In January 2023, Thames Valley Air Ambulance (TVAA) and Harefield Hospital developed an ECPR partnership pathway for conveyance of OHCA patients for in-hospital ECPR. The authors of this study conducted a survey of clinicians across both services looking to identify clear barriers and positive contributors to the effective implementation of the programme. The survey included questions about technical and non-technical barriers and facilitators, with free-text responses analysed thematically.

Results

Responses were received from 14 pre-hospital TVAA critical care and 9 in-hospital clinicians’ representative of various roles and experiences. Data analysis revealed 10 key themes and 19 subthemes. The interconnected themes, identified by pre-hospital TVAA critical care clinicians as important barriers or facilitators in this ECPR system included educational programmes; collectiveness in effort and culture; teamwork; inter-service communication; concurrent activity; and clarity of procedures. Themes from in-hospital clinicians’ responses were distilled into key considerations focusing on learning and marginal gains, standardising and simplifying protocols, training and simulation; and nurturing effective teams.

Conclusion

This study identified several clear themes and subthemes from clinical experience that should be considered when developing and modelling an ECPR system for OHCA. These insights may inform future development of ECPR programmes for OHCA in other centres. Key recommendations identified include prioritising education and training (including regular simulations), standardising a ‘pitstop style’ handover process, establishing clear roles during the cannulation process and developing standardised protocols and selection criteria. This study also provides insight into the feasibility of using pre-hospital critical care teams for intra-arrest patient retrieval in the pre-hospital arena.

Background

OHCA is common with an estimated 30,000 resuscitation attempts in England per year alone [1], but survival to discharge remains relatively poor at less than 10% [1,2,3,4]. OHCA care depends on the chain of survival, which includes an early call for help, prompt cardiopulmonary resuscitation (CPR), defibrillation, and post-resuscitation care [5,6,7]. Increasing the rates of bystander CPR and early defibrillation can increase survival rates to as high as 25% [8], and thus is already an identified area of priority [6, 9, 10].
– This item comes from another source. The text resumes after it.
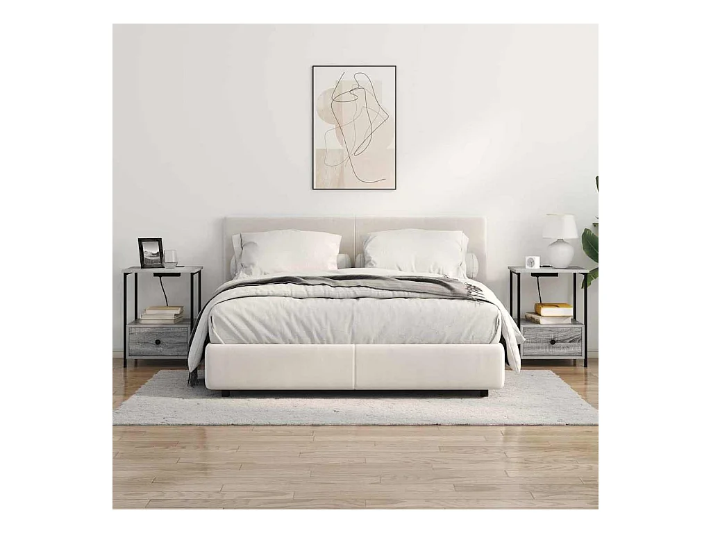 Cabinet de chevet avec tiroir 2 pcs Sonoma gris 42 x 41 x 56 cm
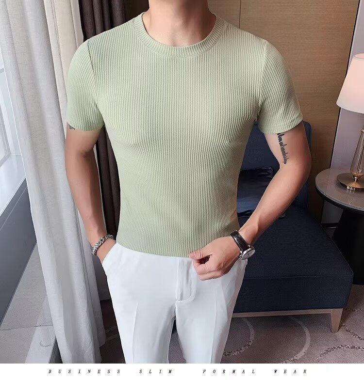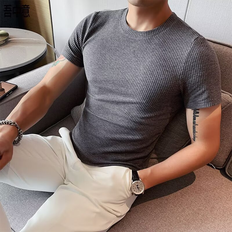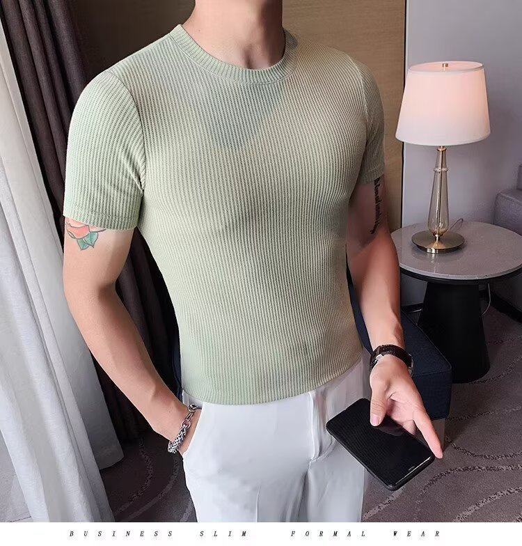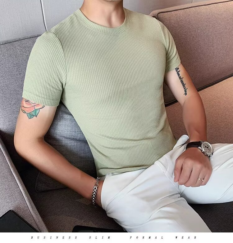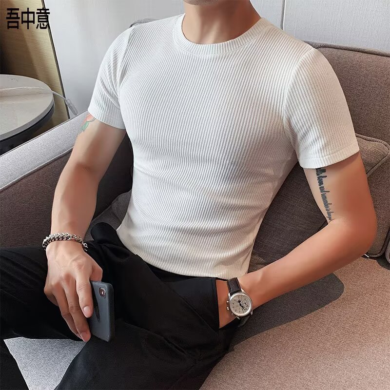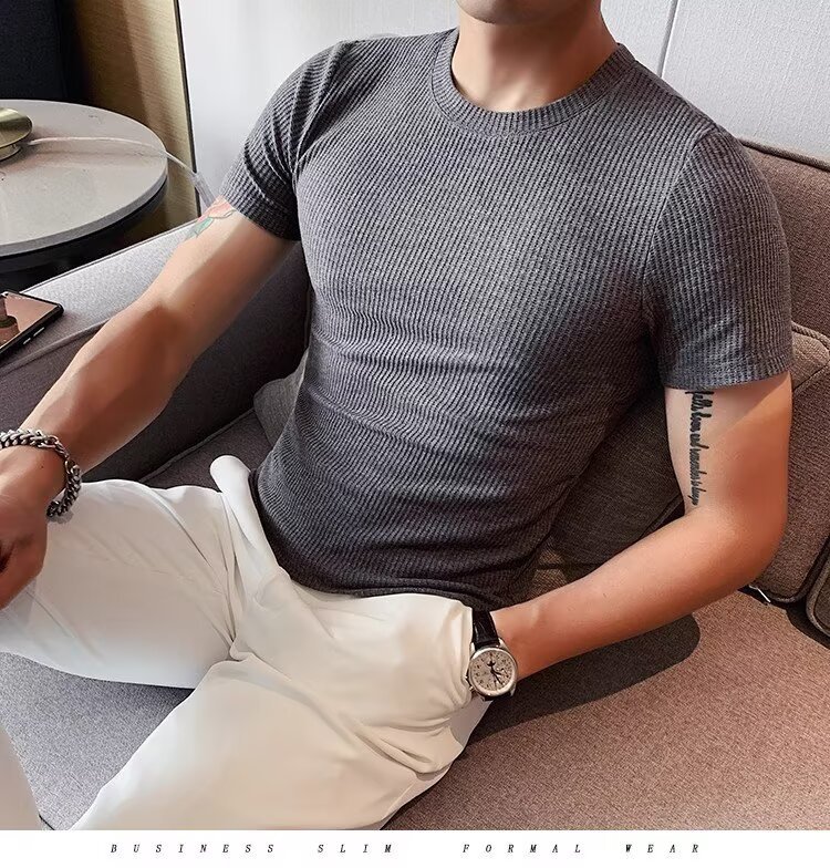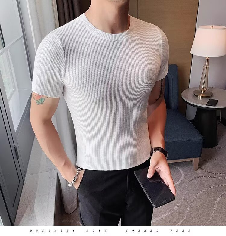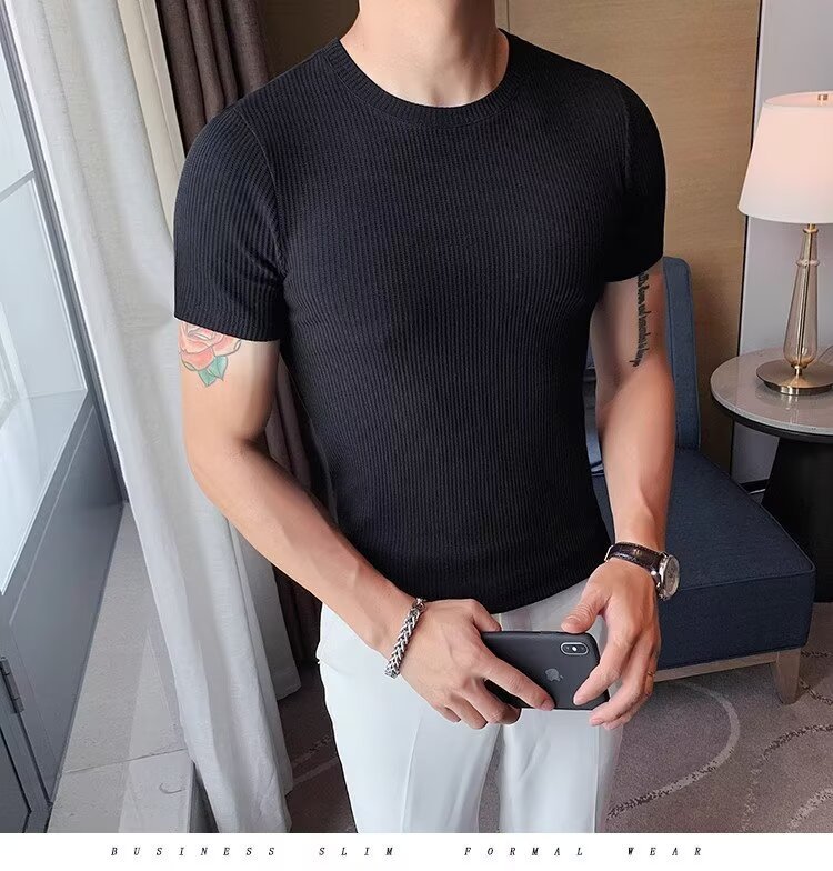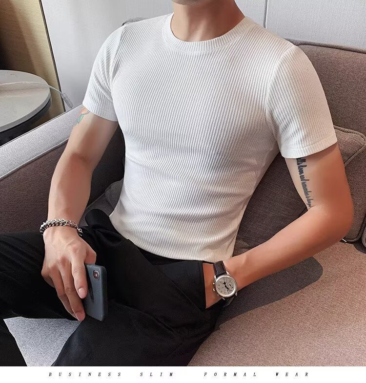 남자 반팔 티셔츠 여름 스트레치 슬림 핏 캐주얼 스포츠 훈련 모든 경기 고급 줄무늬 크루 넥베이스 셔츠

When CPR and defibrillation attempts are unsuccessful, some patients may benefit from extracorporeal cardiopulmonary resuscitation (ECPR). ECPR involves the rapid initiation of veno-arterial extracorporeal membrane oxygenation (ECMO) during continued CPR efforts [11]. Its goal is to artificially restore adequate tissue perfusion and oxygenation to prevent multi-organ failure and hypoxic brain injury [12,13,14]. ECPR effectively prolongs the possible survival time window during resuscitation, allowing time for diagnostic and therapeutic interventions [15, 16], primarily percutaneous coronary intervention, in order to address the underlying pathology and cause [17].

Recent studies on the efficacy of ECPR have shown some encouraging results but other studies with mixed results are a reminder of the complexity of the logistics and system design required. One observational study demonstrated potentially a 54% survival rate in patients with refractory cardiac arrest [18], though only one of three subsequent randomised controlled trials demonstrated a significant improvement [19,20,21]. These findings indicate that ECPR can work but there remains a high variability between centres and multiple confounding factors that need further research and consideration [22]. Providing an effective ECPR service is complex and compounded by its high-acuity, low-occurrence (HALO) nature [23]. It requires a multidisciplinary and multi-service collaboration adapted to distinct regional needs and pre-existing health systems [14, 24, 25]. There is a general recognition that any aspect of cardiac arrest care in isolation is of little value and that it takes an integrated system to save a life [6, 19, 26, 27].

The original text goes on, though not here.